The phrase is on every messaging app's marketing page, but it covers a smaller surface than the headline suggests. End-to-end encryption protects the contents of a message from the network and the server in the middle. It does not protect the metadata around it, the backups on either end, the screenshot the other person takes, or the device that gets unlocked at a border crossing. Here is what E2EE actually does, how Signal, WhatsApp, iMessage, and Telegram differ in practice, and the gaps you should plan around.

By the Privvert team··18 min read

"End-to-end encrypted" is the phrase the messaging industry settled on a decade ago, and it has been doing a lot of work ever since. It is on the splash screen of WhatsApp every time you open a new chat. It is the headline feature of Signal, the marketing pitch of ProtonMail, the thing Apple keeps adding asterisks to about iCloud. It is also, for most people who repeat it, a phrase whose actual scope they have never had a reason to think about carefully.

The short version is that end-to-end encryption protects the contents of a message from the network the message travels over and from the server that relays it. That is a real and important protection, and it has changed the threat model for ordinary conversations in a way the world has not fully absorbed. It is also a smaller envelope than the phrase implies. It does not cover the metadata around the message. It does not cover the backups of the message on either end. It does not cover the screenshot the other person takes, the notification preview that surfaced on a lock screen, the device that gets unlocked under duress, or the cloud sync that quietly copied the conversation somewhere else.

This piece walks through what end-to-end encryption (E2EE) actually is in plain language, what each of the big messaging apps - Signal, WhatsApp, iMessage, Telegram - actually does behind the marketing, and the practical gaps that determine whether your conversation is really private or just feels that way.

What end-to-end encryption is, in one section

Imagine you write a letter, put it in a tamper-evident envelope, and hand it to a courier. The courier carries it across the country to the recipient, who opens the envelope and reads it. The courier could lose the envelope, could be compelled by a court order to hand it over, could even photograph the outside of it - but the courier cannot read the letter without breaking the seal, and you would know if they did. End-to-end encryption is the digital version of that envelope. The cryptography is set up so that only your device and the recipient's device hold the keys to decrypt the contents. The server in the middle - the courier - relays the encrypted bytes without ever seeing what is inside.

Contrast this with the older model, sometimes called encryption-in-transit or "server-side encryption". The message is encrypted between your phone and the messaging company's server, the server decrypts it (reads it, scans it, indexes it, stores it, re-encrypts it for delivery), and then sends it onward. Every website you visit over HTTPS uses encryption-in-transit. Most email between most providers uses encryption-in-transit. Default Telegram chats use encryption-in-transit. The server can read everything. That is not a defect in HTTPS; HTTPS was designed to protect against the public Wi-Fi snooping it does protect against. It is just a different scope than E2EE.
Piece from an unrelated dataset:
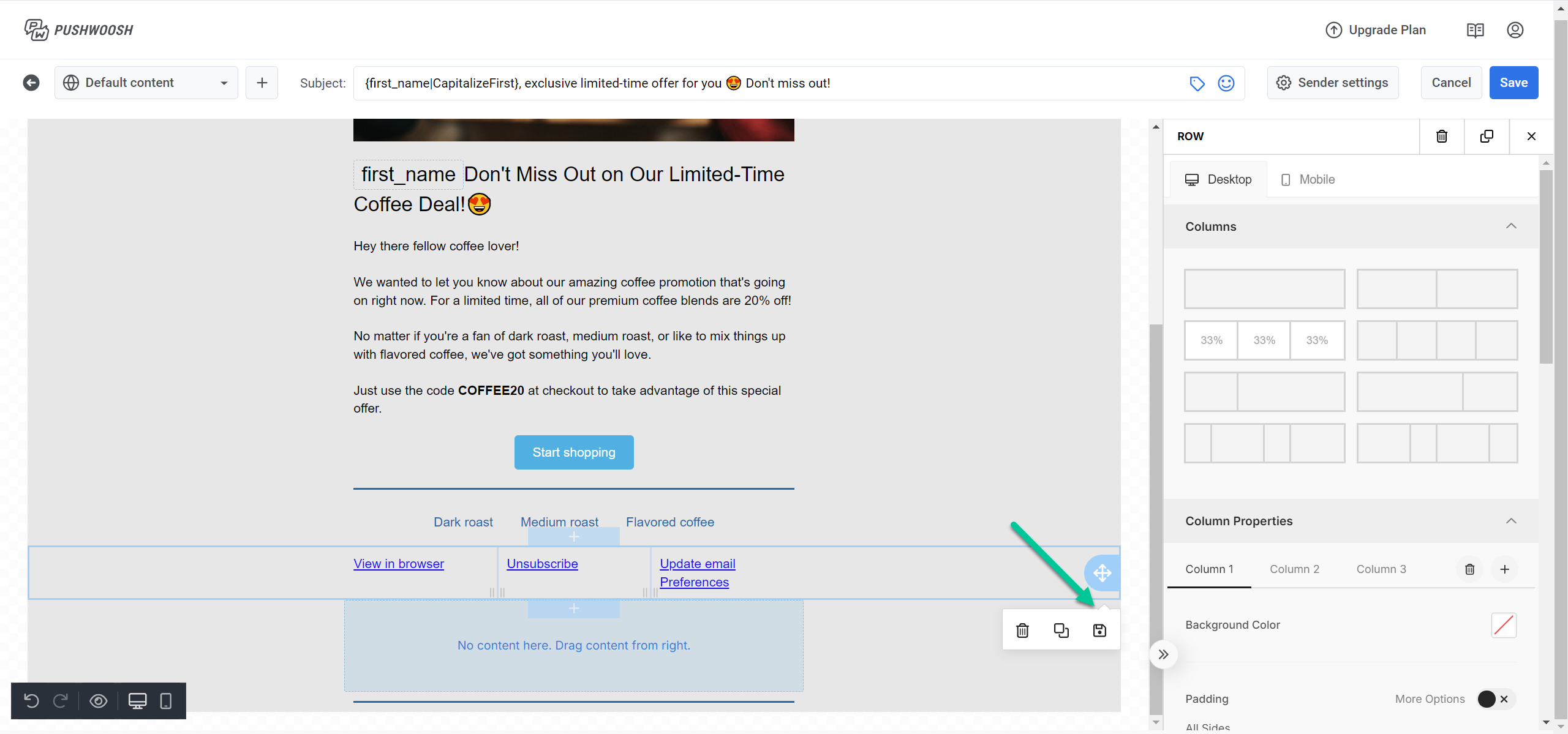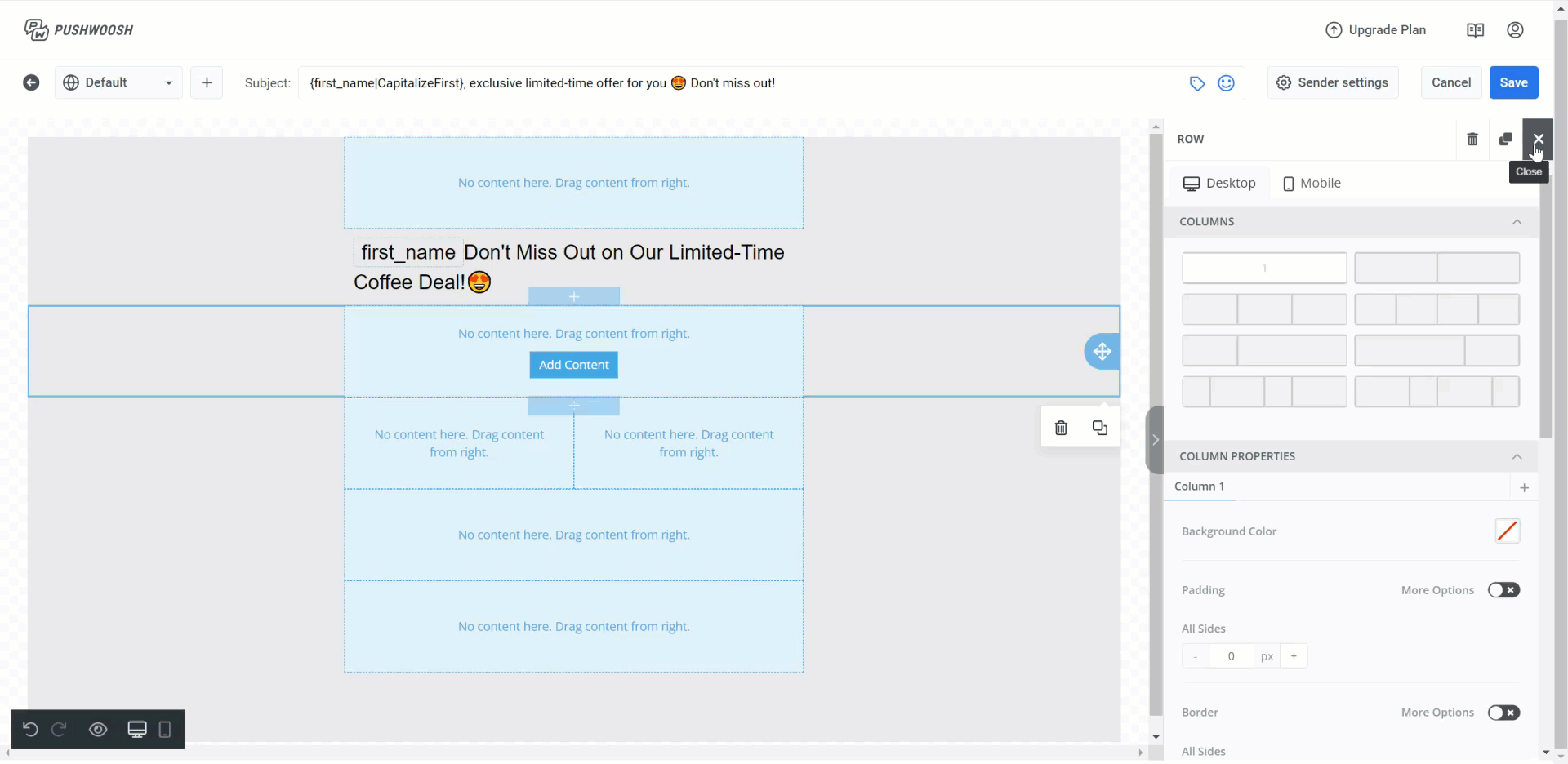 Drag & drop редактор email-рассылок предлагает гибкость в настройке макета письма под ваши нужды. Вы можете добавлять столько строк, сколько необходимо, с разным количеством колонок.

The two big practical consequences of moving from encryption-in-transit to end-to-end:

  • A breach of the server stops leaking message contents. The Yahoo Mail breach of 2013-14 leaked the contents of three billion accounts because Yahoo's servers held the plaintext. If Signal's servers were breached tomorrow, attackers would get a list of phone-number hashes and approximately nothing else - the messages are not on the server in any readable form.
  • A court order to the messaging company stops producing contents. The company can still be compelled to hand over what it has (account-creation date, IP logs, social graph), but it cannot hand over the messages because it does not have them. Signal's transparency reports are the cleanest demonstration: the response to a typical subpoena is two timestamps.

Those are real, large changes. They are also the entire scope of what the phrase "end-to-end encrypted" promises. Everything else in this article is about what falls outside it.

Signal: the smallest envelope, and the smallest amount of stuff outside it

Signal is the reference implementation of modern E2EE. The Signal Protocol - the underlying cryptography, which combines the Extended Triple Diffie-Hellman handshake with the Double Ratchet for forward-secret message chains - has been open-source and peer-reviewed since 2013, and is the same protocol WhatsApp licensed in 2014, Google adopted for RCS messages in Android Messages, and Meta is rolling out across Messenger and Instagram DMs. When cryptographers talk about "the Signal Protocol", they mean a specific, scrutinized, mathematically analyzed thing, not a vague marketing claim.

What sets Signal apart from the apps that use the same protocol is what sits around it. Signal's servers store the minimum necessary to deliver a message: a phone-number hash, the date the account was created, and the last time the account connected to fetch messages. There is no address book stored server-side (contact discovery is done in a way that keeps your contacts on the device), no profile graph, no group-membership database, no advertising stack. Signal's responses to grand-jury subpoenas - which the Signal Foundation publishes in full - have been consistent for years: account-creation timestamp, last-connection timestamp, nothing else.

Signal also encrypts the things that adjacent E2EE apps tend to leave in cleartext: profile names, profile photos, group titles, and group membership are all encrypted on the server, so Signal itself cannot read them. Group calls and one-to-one calls are encrypted with the same key material. Disappearing messages are implemented consistently across devices.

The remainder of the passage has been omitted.